● **Brief**: Please copy exactly the part of the records below that opens with the line containing "Denne model af" and closes with the line containing "- Тесто необходимо", leaving out any pictures.

● **Excerpted data**:
-- Opening Marker --
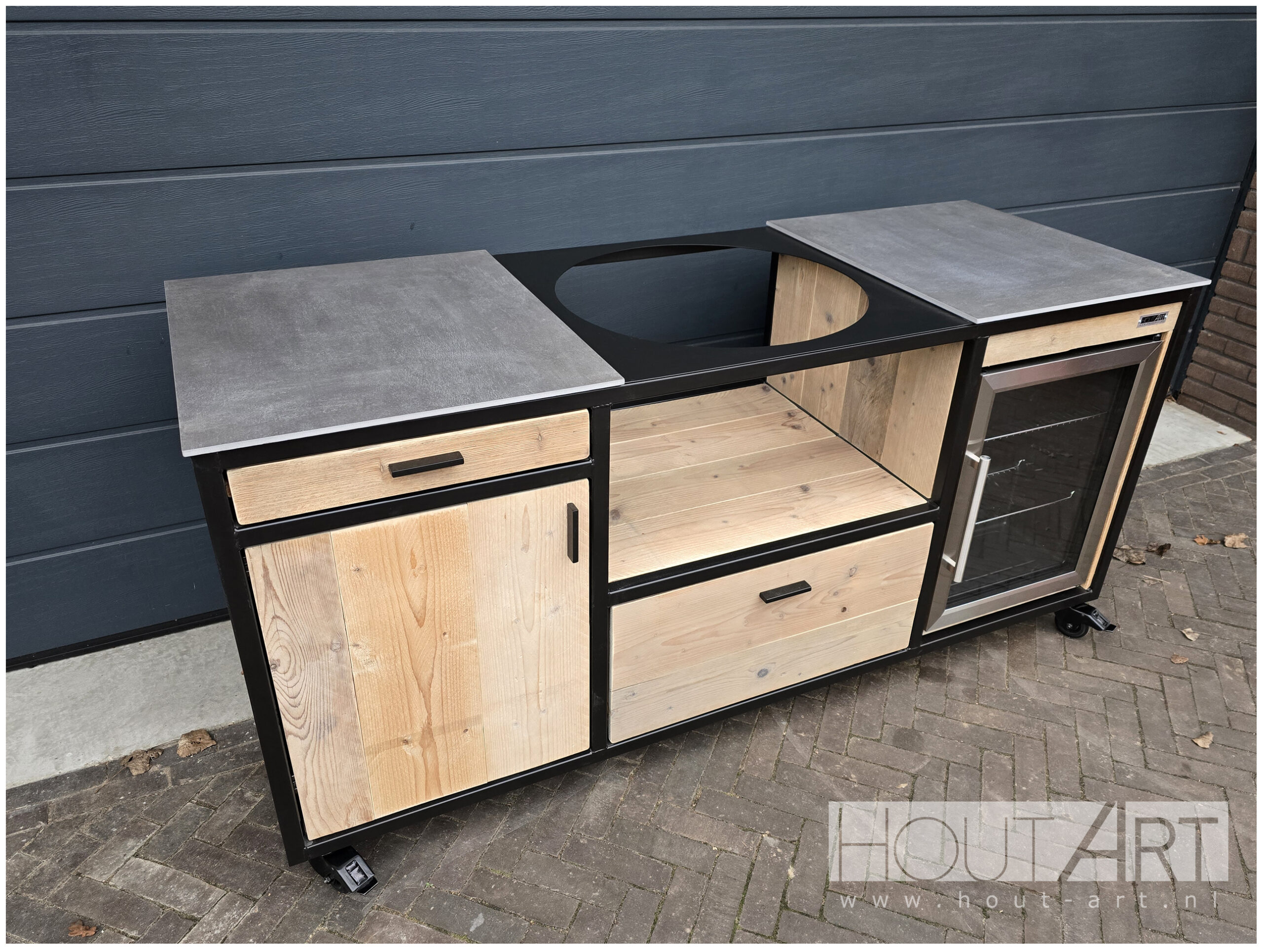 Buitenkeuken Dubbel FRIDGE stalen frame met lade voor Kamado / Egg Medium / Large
-- Closing Marker --
-- Opening Marker --
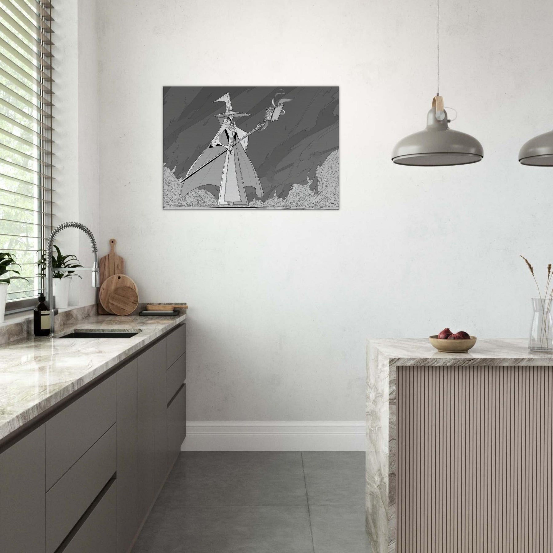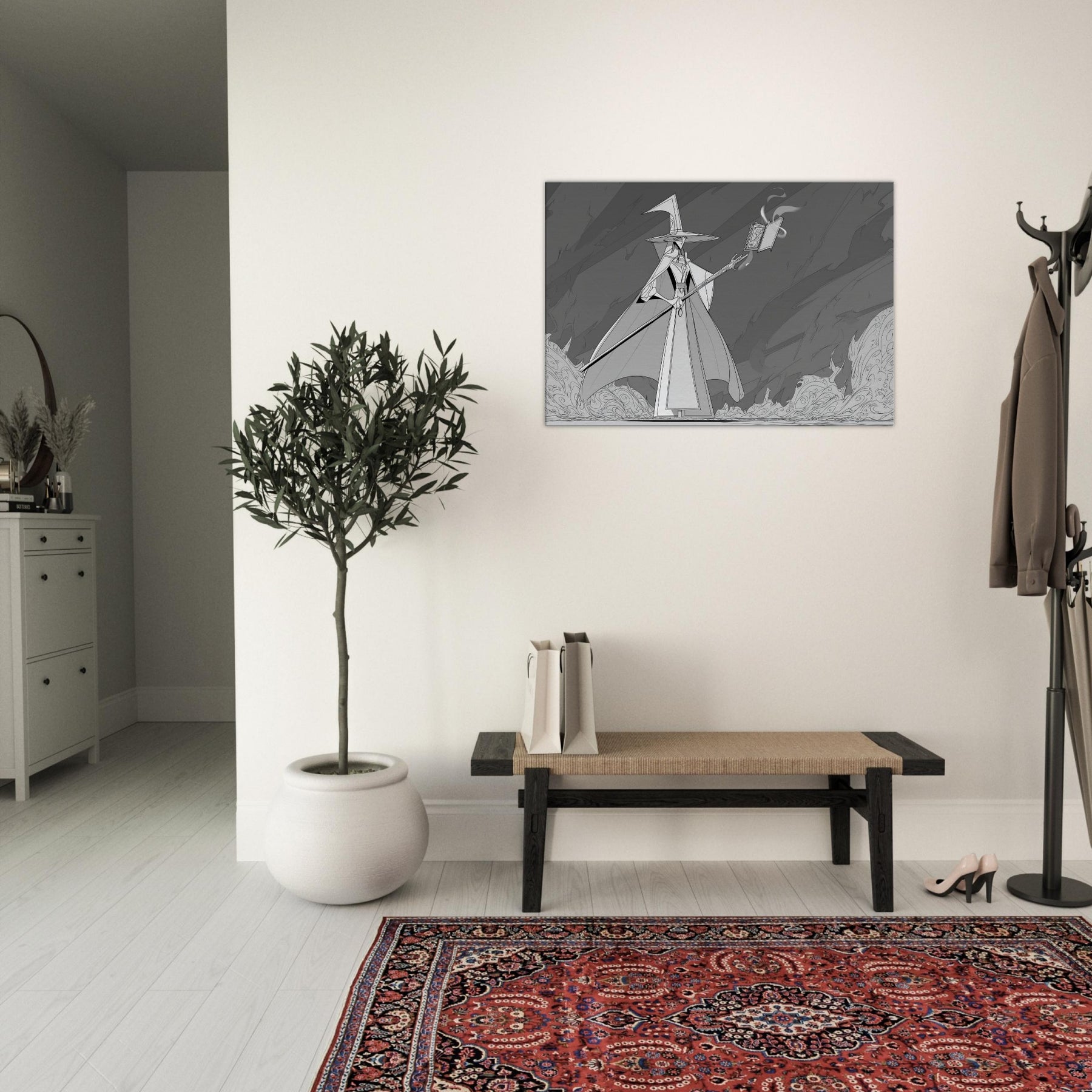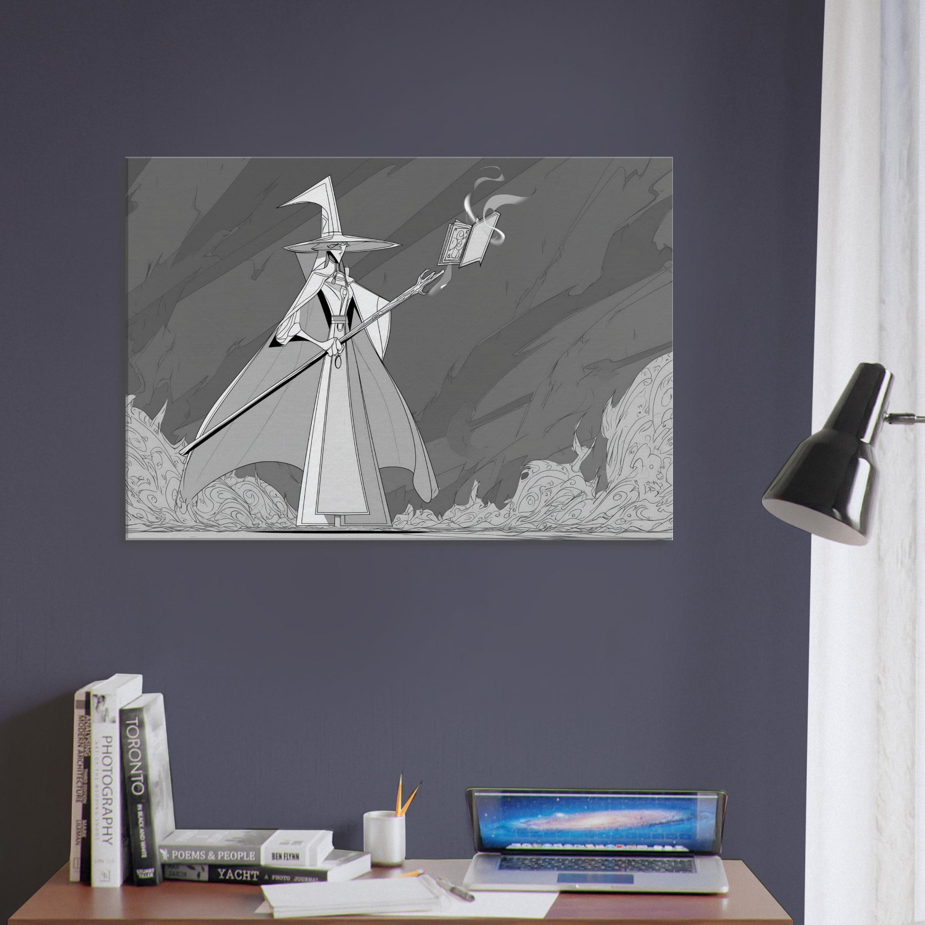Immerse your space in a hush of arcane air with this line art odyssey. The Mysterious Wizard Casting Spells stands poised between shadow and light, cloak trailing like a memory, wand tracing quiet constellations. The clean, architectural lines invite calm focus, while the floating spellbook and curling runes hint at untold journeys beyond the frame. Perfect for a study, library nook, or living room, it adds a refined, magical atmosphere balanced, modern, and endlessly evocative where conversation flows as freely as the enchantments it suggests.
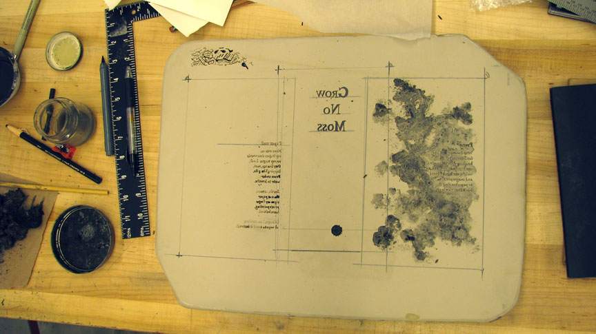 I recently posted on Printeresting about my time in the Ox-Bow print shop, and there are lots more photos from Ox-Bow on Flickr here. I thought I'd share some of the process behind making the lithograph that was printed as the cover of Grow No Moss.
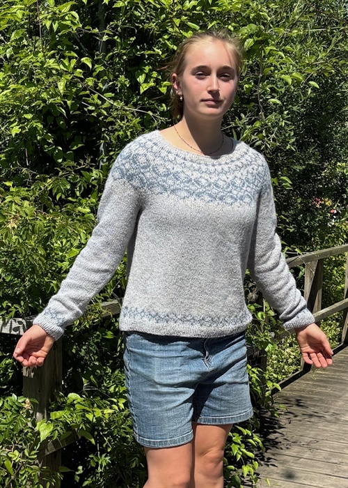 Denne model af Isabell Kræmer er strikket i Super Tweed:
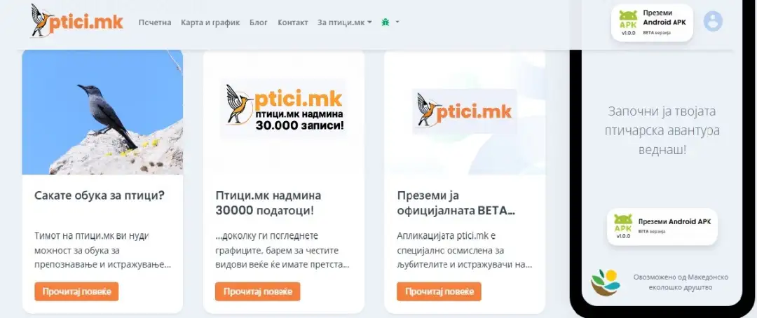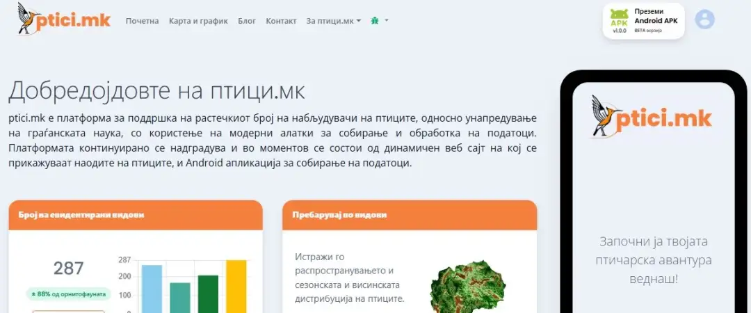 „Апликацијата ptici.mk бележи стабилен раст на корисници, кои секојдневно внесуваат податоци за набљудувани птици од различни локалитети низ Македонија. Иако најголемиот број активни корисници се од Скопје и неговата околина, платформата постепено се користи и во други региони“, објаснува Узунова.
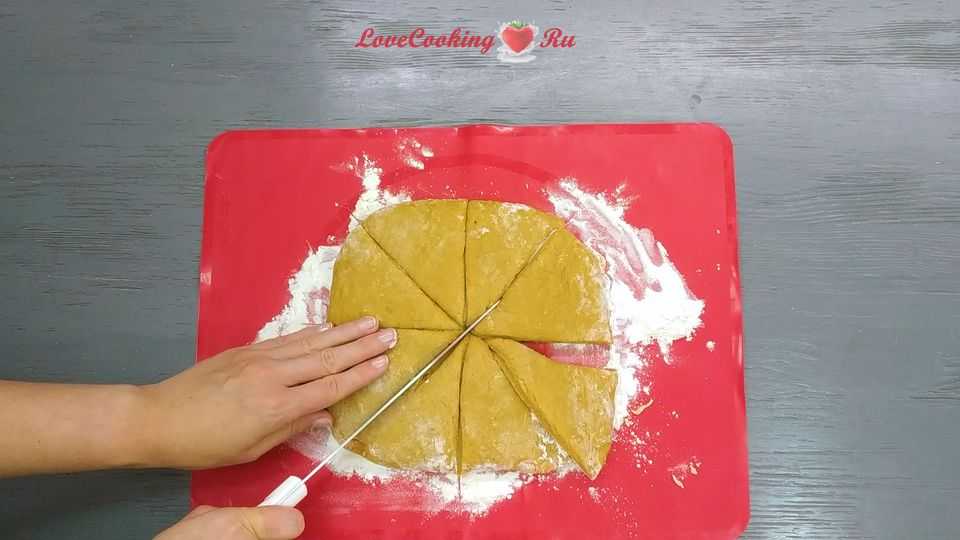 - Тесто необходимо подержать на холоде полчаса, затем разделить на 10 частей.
-- Closing Marker --
-- Opening Marker --
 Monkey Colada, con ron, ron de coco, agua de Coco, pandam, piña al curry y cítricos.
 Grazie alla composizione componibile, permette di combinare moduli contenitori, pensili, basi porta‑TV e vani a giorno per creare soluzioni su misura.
-- Closing Marker --
● **Answer to this exercise**:
 Denne model af Isabell Kræmer er strikket i Super Tweed:
 „Апликацијата ptici.mk бележи стабилен раст на корисници, кои секојдневно внесуваат податоци за набљудувани птици од различни локалитети низ Македонија. Иако најголемиот број активни корисници се од Скопје и неговата околина, платформата постепено се користи и во други региони“, објаснува Узунова.
 - Тесто необходимо подержать на холоде полчаса, затем разделить на 10 частей.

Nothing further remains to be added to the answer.